Unfortunately, Oklahoma citizens have no direct way to judge whether or not they are getting a good "bang for the buck" for the goods and services provided by the public sector. One way to better understand the productivity of the public sector is to compare government employment and compensation levels across the 50 states.
The basis of comparison is to examine the number of jobs and their pay in Oklahoma versus the national average. There is nothing magical about the national average, of course, but since it represents an amalgam of 50 states it is reasonable to assume that being above the national average indicates low productivity among the government's workforce.
In 2006, Oklahoma's state and local governments employed 21.45 people for every 100 people employed by the private sector (this is the "employment ratio"). As mentioned above, this is the 5th highest ratio in the country. This employment ratio is 32 percent higher than the national average.

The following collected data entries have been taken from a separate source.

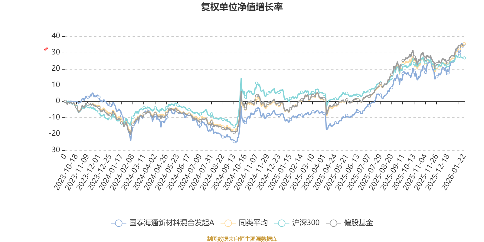 截至1月22日,国泰海通新材料混合发起A近三个月复权单位净值增长率为18.09%,位于同类可比基金111/689;近半年复权单位净值增长率为29.23%,位于同类可比基金261/689;近一年复权单位净值增长率为49.30%,位于同类可比基金208/673。
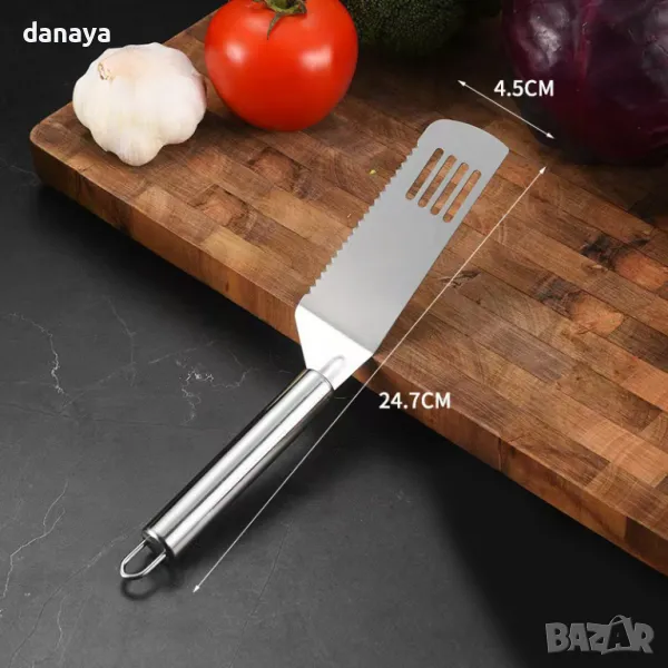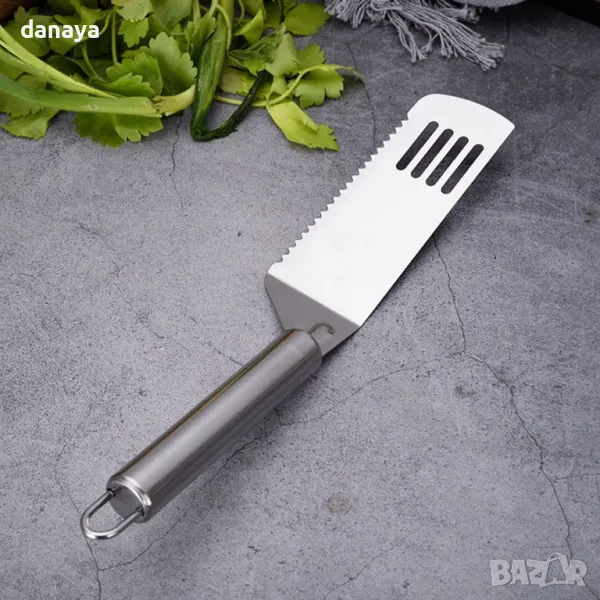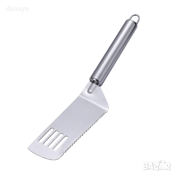 Тази кухненска лопатка е незаменим помощник за всеки любител на сладките изкушения! С назъбен ръб от едната страна, тя реже лесно торти, пайове и сладкиши, пици, а гладката затъпена страна гарантира перфектно сервиране, без да нарушава формата на парчетата.
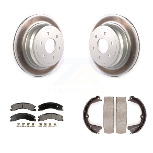 Rear Disc Coated Rotors Semi-Metallic Pads & Parking Shoes Kit For 16-19 Nissan TITAN XD KGF-103447
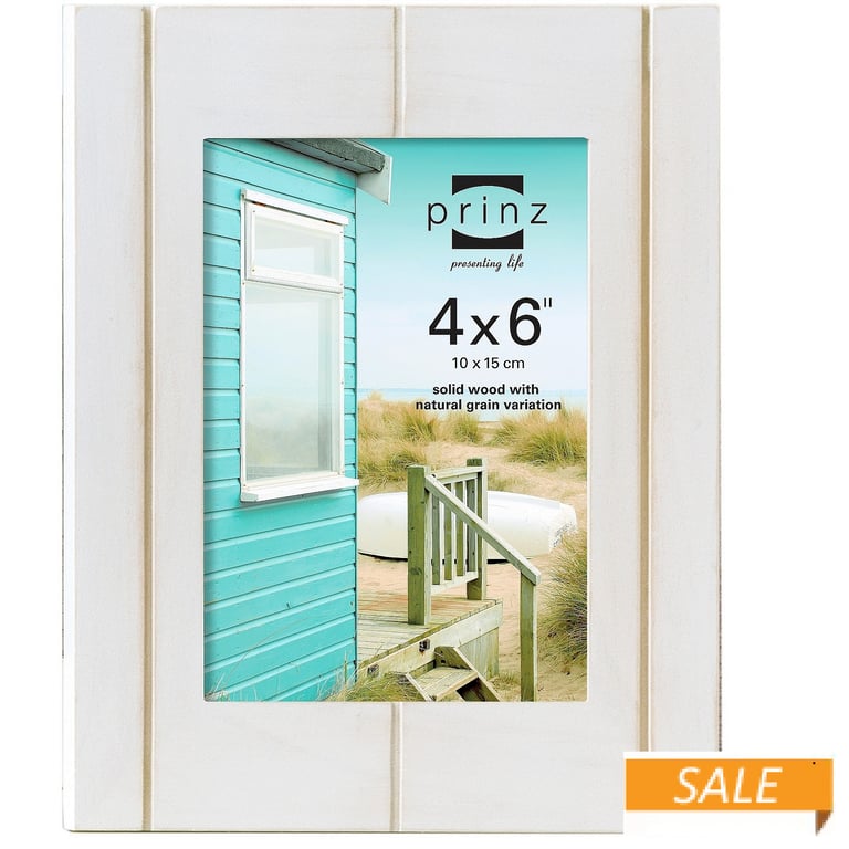 Product Details Prinz® frames & albums SEASIDE white-wash wood 4x6 frame by Prinz® — SEASIDE is a rustic, distressed wood style in soothing white-wash wood.Dual easel back permits horizontal or vertical display. Wall hooks are included. Glare resistant glass lens.Produced by Prinz USA®. SEASIDE white-wash wood 4x6 frame by Prinz® Model #086981763516 List $14.50 You pay $7.90 In stock Your Price Match is Active Your request for a price of $0.00 for a minimum quantity of has been accepted. You have [time] left to purchase this item for $0.00 instead of $7.90 each. Find a Lower Price? We BEAT All Authorized Retailers [?] FEATURESDisplays:4"x6"Material:Wood (full grain)Finish:White, Ivory/CreamOccasion:Home decorating, Weekend Host Gifts, Thank-Motivate-Reward, Celebrating TravelsStyle:Rustic/Lodge, Tropical, Distressed - Weathered, Coastal, Nautical & ShoreOrientation:BothBrand:Prinz® frames & albumsDisplay Type:Desktop or Wall Approx. Overall Dimensions:6 3/4"x8 3/4"x5/8" This item ships in its own box SHARE THIS ITEM Share on Facebook
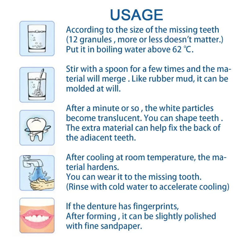 It is the "temporary substitute" for missing teeth: The process is so simple that you don't even need to learn it - heat it to soften it, then shape it to fit the gap where the tooth is missing. After cooling, it can be temporarily inserted into the gap. You can smile freely during meals and photoshoot without covering your mouth. The material is non-toxic and reusable. After use, clean it and put it away. You can take it out and use it again the next time you go out.
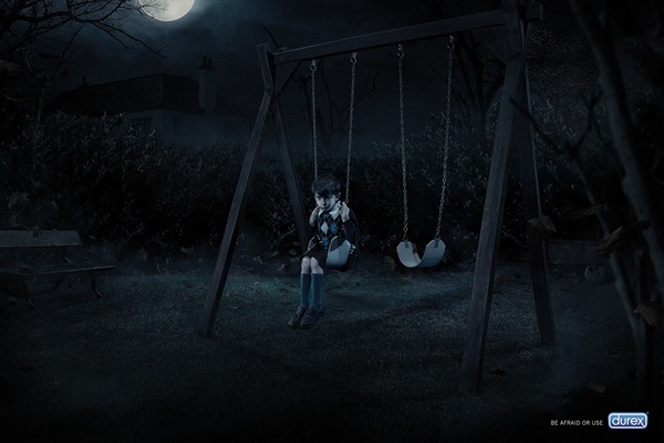 8. Tương tự, ở Honduras, cậu bé này giống như đang đóng phim kinh dị. Kèm với đó là lời nhắn: "Cảm thấy sợ hãi hoặc hãy dùng Durex".
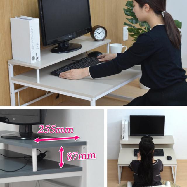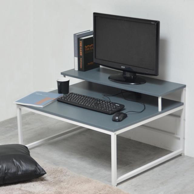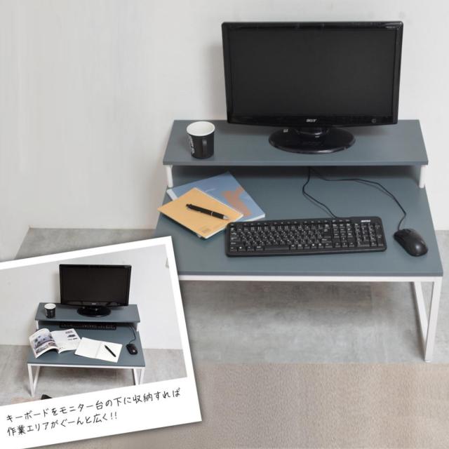 リラックスした状態で作業できるモニター台付きのPCデスクです。ロータイプのシンプルな設計でモニター台の下スペースが広々としており、デスクワークなども捗ります。
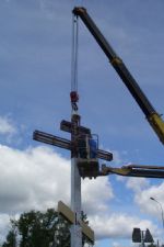 Первым рейсом была доставлена нижняя часть креста. Пока ждали верхнюю, с помощью трехосного подъемного автокрана, арендованного в ОАО «Управление механизации строительства», ее закрепили на бетонном основании. А затем с помощью того же крана и автовышки городского индивидуального предпринимателя В.В. Наумова смонтировали и верхнюю часть. Смонтированный Поклонный крест представляет собой металлическую конструкцию высотой 7 метров, покрытую листовым крашеным алюминиевым композитом.

In 2006, Oklahoma's state and local government compensation was $41,198 per job while private sector compensation was $40,726 per job. The average state and local government job paid 1.2 percent higher than the average private sector job (this is the "compensation ratio").
Adjusting the employment and compensation ratio to the national average would have saved Oklahoma's taxpayers a whopping $2.7 billion in 2006. Such massive budget savings could have been used to significantly reduce taxes. For example, in 2005 (the latest year of available tax data), Oklahoma's tax burden could have been reduced to 7.35 percent of personal income from 9.75 percent of personal income--a reduction of nearly 25 percent.
Policy-makers should be aware that one way to solve the state's challenges is to grow private-sector businesses, allowing them to better compensate and hire additional employees. Policy-makers must pursue pro-growth economic policies--such as lower regulations, lower taxes, and secure property rights--that will promote economic development. Such policies are a win-win for both the private and public sectors.